Microsoft and Uber’s recent moves matter more than the headlines suggest — neither was about AI quality, and both signal that the next 18 months will likely look choppier than expected for OpenAI, Anthropic, and Enterprise AI teams.
The cost-accounting era favors three things: switching-cost discipline, consumption-aligned pricing, and real cost visibility.
Introduction
Early in my career as an investor, one of the signals I looked for in breakout companies was a specific kind of love-hate relationship:
What product do CFOs hate paying so much for, but absolutely can’t live without?
AWS came first.
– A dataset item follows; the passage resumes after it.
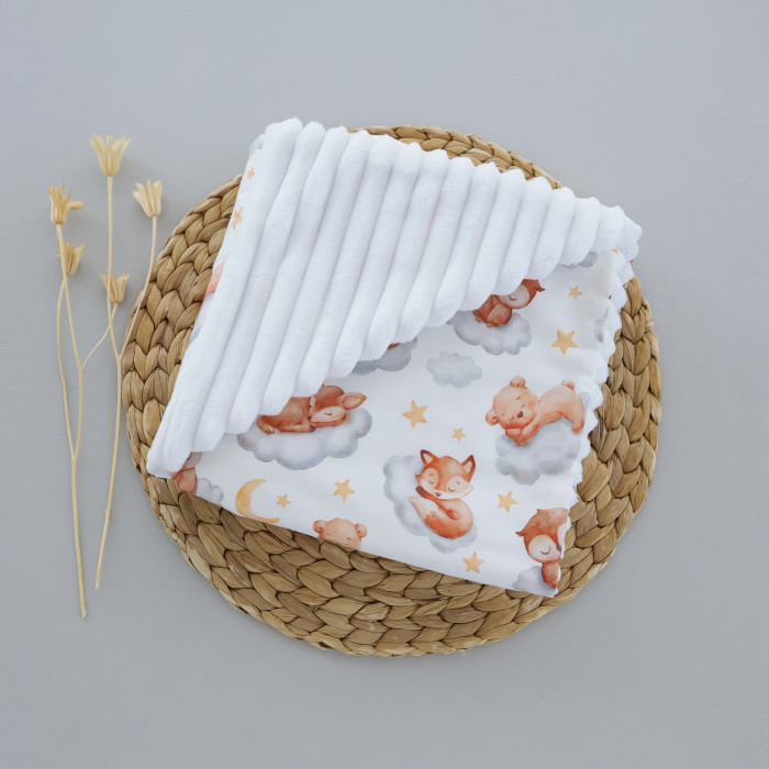 Плед плюш, без утеплення Лисички на хмаринці /Білий плюш 100/80
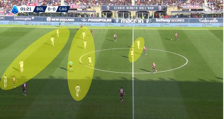 La rinuncia al centrocampo a tre ha portato l’allenatore del Cagliari a scegliere la strada di un classico 4-4-2, con i reparti corti e con un’elevata attenzione tattica. Confermata rispetto alla gara contro la Juventus la decisione di attendere gli avversari, con la copertura dei corridoi verticali e dei mezzi spazi e una pressione non aggressiva, ma più improntata alla chiusura di linee di passaggio e fonti di gioco. Rispetto alla gara di andata i rossoblù non hanno provato a giocare con le armi del Bologna – tecnica e costruzione dal basso – ma piuttosto hanno utilizzato più i palloni lunghi e, più di ogni altra cosa, allontanato il rischio dei recuperi alti da parte degli uomini di Vincenzo Italiano, caratteristica fondante del gioco degli emiliani.

Bills skyrocketed year over year. Finance teams stared at invoices in disbelief and paid them anyway. They had to. By the time you noticed how big the bill was, your data was in S3, your auth was tied to IAM, your apps were stitched together with Lambda and RDS, and leaving wasn’t a procurement decision — it was a re-platforming project. AWS earned its margins because switching costs were enormous and the cloud enabled new and improved capabilities.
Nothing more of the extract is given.